● **AIM OF THE EXERCISE**:
Your answer should hold only the lines from the start of the data below through the line with "2016年上半年,我國B2C", copied exactly, with pictures left out.

*** Opening DATA EXTRACT ***

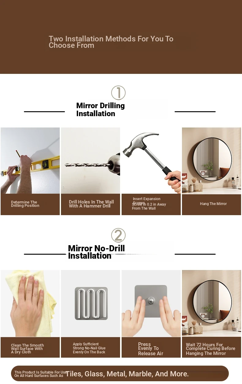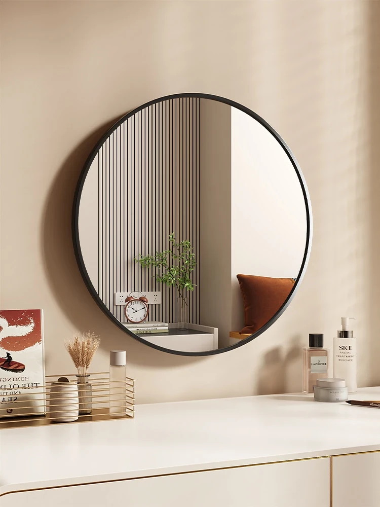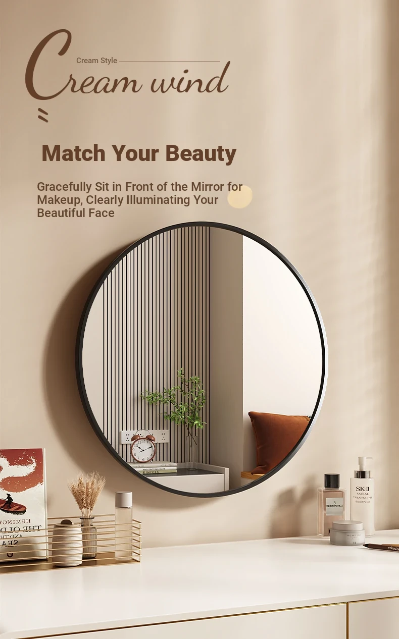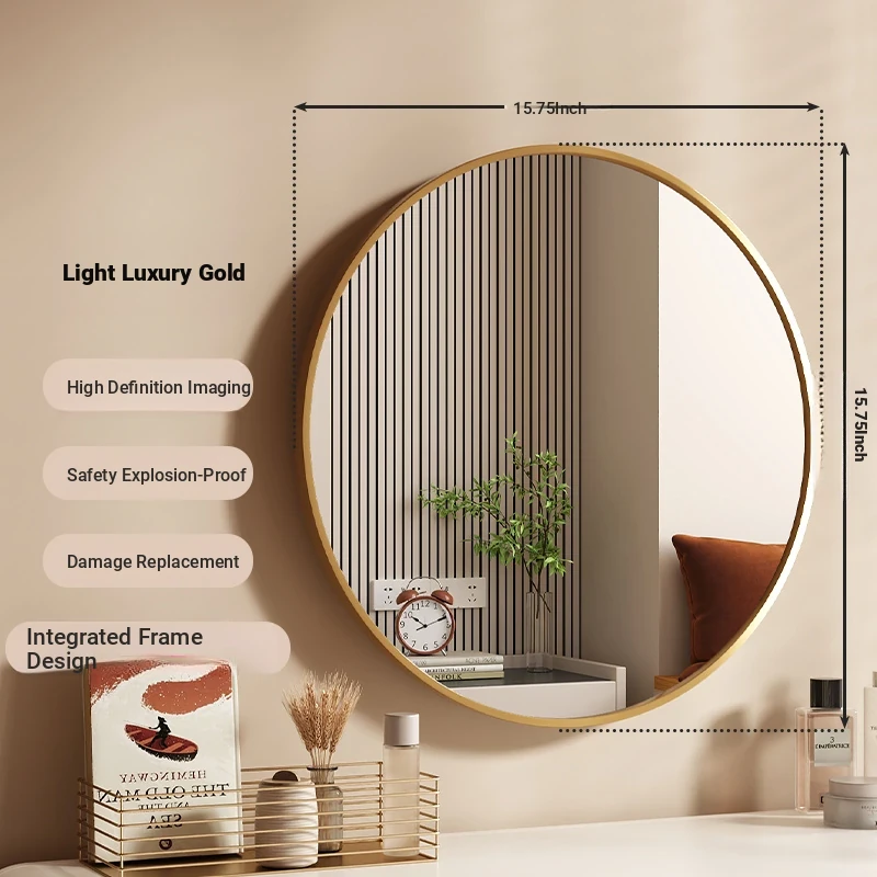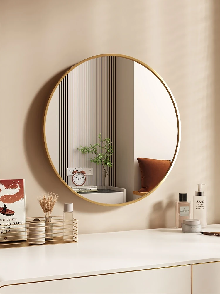 Elegant Round Wall-Mounted Makeup Mirror for Women - No-Drill Design for Bedroom Vanity, Perfect for Home Use
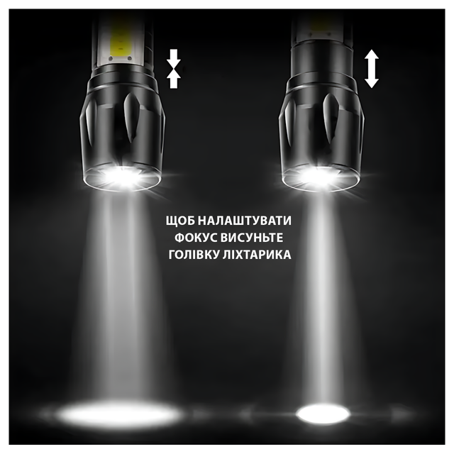 Компактный, мощный и удобный – этот универсальный фонарик станет вашим надежным спутником в путешествиях, на прогулках, в авто или дома! Яркий светодиод XPE и боковая COB-панель освещают большую площадь, а благодаря регулируемому фокусу можно настроить ширину и дальность луча.
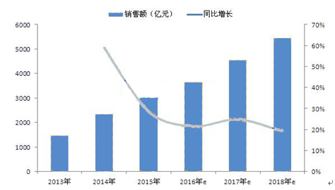 2016年上半年,我國B2C家電網(wǎng)購市場(含移動終端)規(guī)模達1848億元,同比增長35%。其中,大家電528億元(平板電視217億元、空調152億元、冰箱90億元、洗衣機69億元),同比增長47%;其他小家電類產品(包括兩凈、廚衛(wèi)電器及其他小家電類產品)約310億元,同比增23%;手機、平板電腦等移動終端產品約1010億元,同比增35%。預計2016年中國線上市場規(guī)模將達3650億元,而到2020年國內線上家電線上市場規(guī)模將達5450億元。
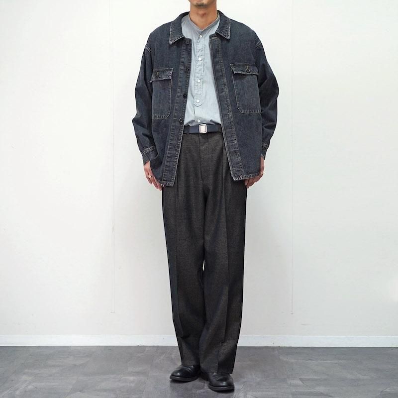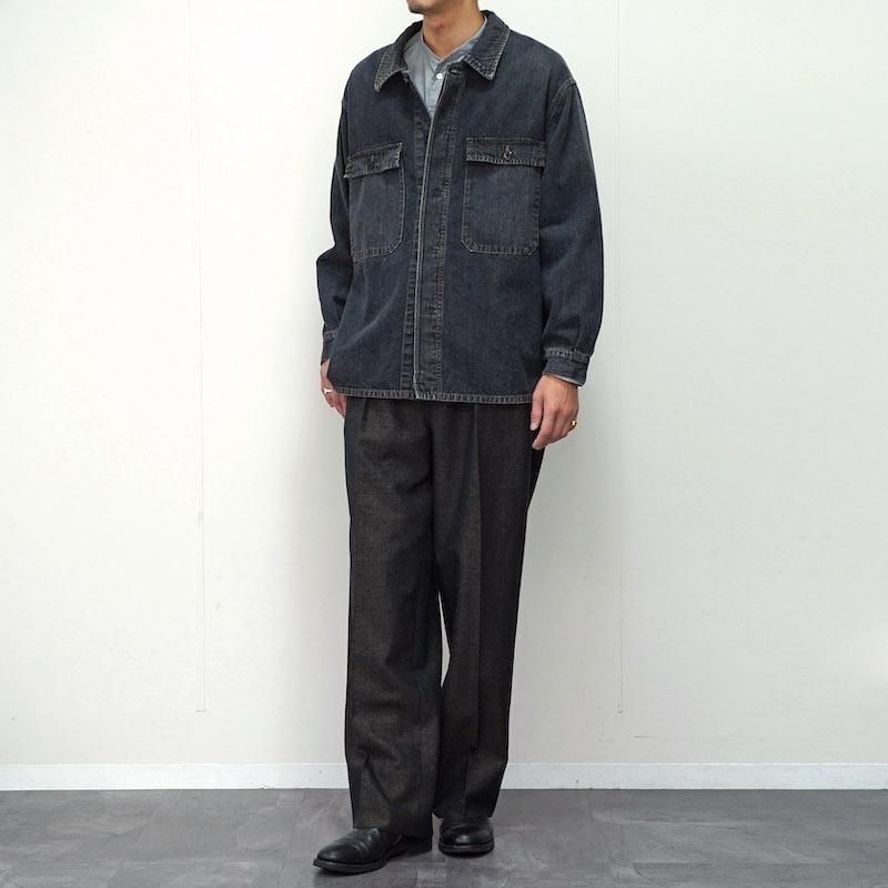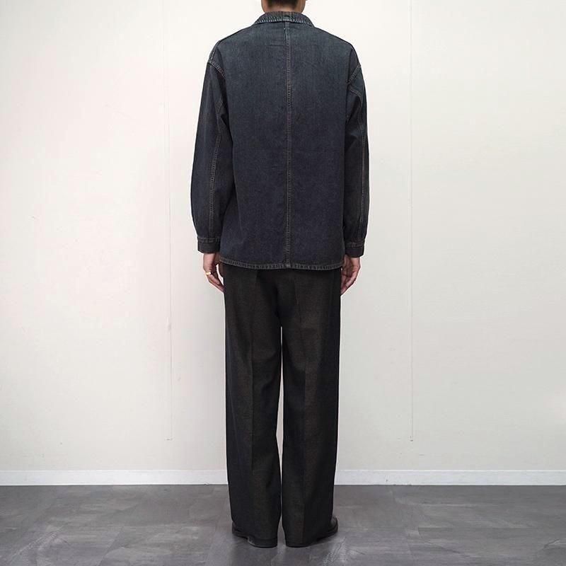 1950〜60年代のフランス海軍作業用ブルゾンをベースにデザインされた「VESTE BERMS」。 実用性を重視したワークウェアの構造を受け継ぎながら、OUTIL独自のパターンワークによって現代的に再構築。 縦糸をロープ染色(インディゴは天然藍)で色落ちを楽しめるように開発し、緯糸にはコットンとヘンプの混紡糸を打ち込んだOUTILオリジナルのデニム生地。 着用を重ねることで自然な色落ちを楽しめます。 コットンの柔らかさとヘンプのドライな質感が融合した、独特のハリと深みのある表情が特徴です。 フェード感など、手仕事による繊細な仕上げが加えられ、 まるでヴィンテージを着込んだような存在感を放ちます。 さらなる経年変化とともに自分だけの一着へと育てていける、OUTILらしい逸品です。 モデル身長184cm 体重64kg 着用サイズ3 SIZE(cm) 1:着丈76 肩幅51 身幅57 袖丈59 2:着丈78 肩幅53 身幅59 袖丈60 3:着丈79 肩幅55 身幅60 袖丈61 QUALITY COTTON83% HEMP17%

*** Closing DATA EXTRACT ***

● **REPLY**:
 Elegant Round Wall-Mounted Makeup Mirror for Women - No-Drill Design for Bedroom Vanity, Perfect for Home Use
 Компактный, мощный и удобный – этот универсальный фонарик станет вашим надежным спутником в путешествиях, на прогулках, в авто или дома! Яркий светодиод XPE и боковая COB-панель освещают большую площадь, а благодаря регулируемому фокусу можно настроить ширину и дальность луча.
 2016年上半年,我國B2C家電網(wǎng)購市場(含移動終端)規(guī)模達1848億元,同比增長35%。其中,大家電528億元(平板電視217億元、空調152億元、冰箱90億元、洗衣機69億元),同比增長47%;其他小家電類產品(包括兩凈、廚衛(wèi)電器及其他小家電類產品)約310億元,同比增23%;手機、平板電腦等移動終端產品約1010億元,同比增35%。預計2016年中國線上市場規(guī)模將達3650億元,而到2020年國內線上家電線上市場規(guī)模將達5450億元。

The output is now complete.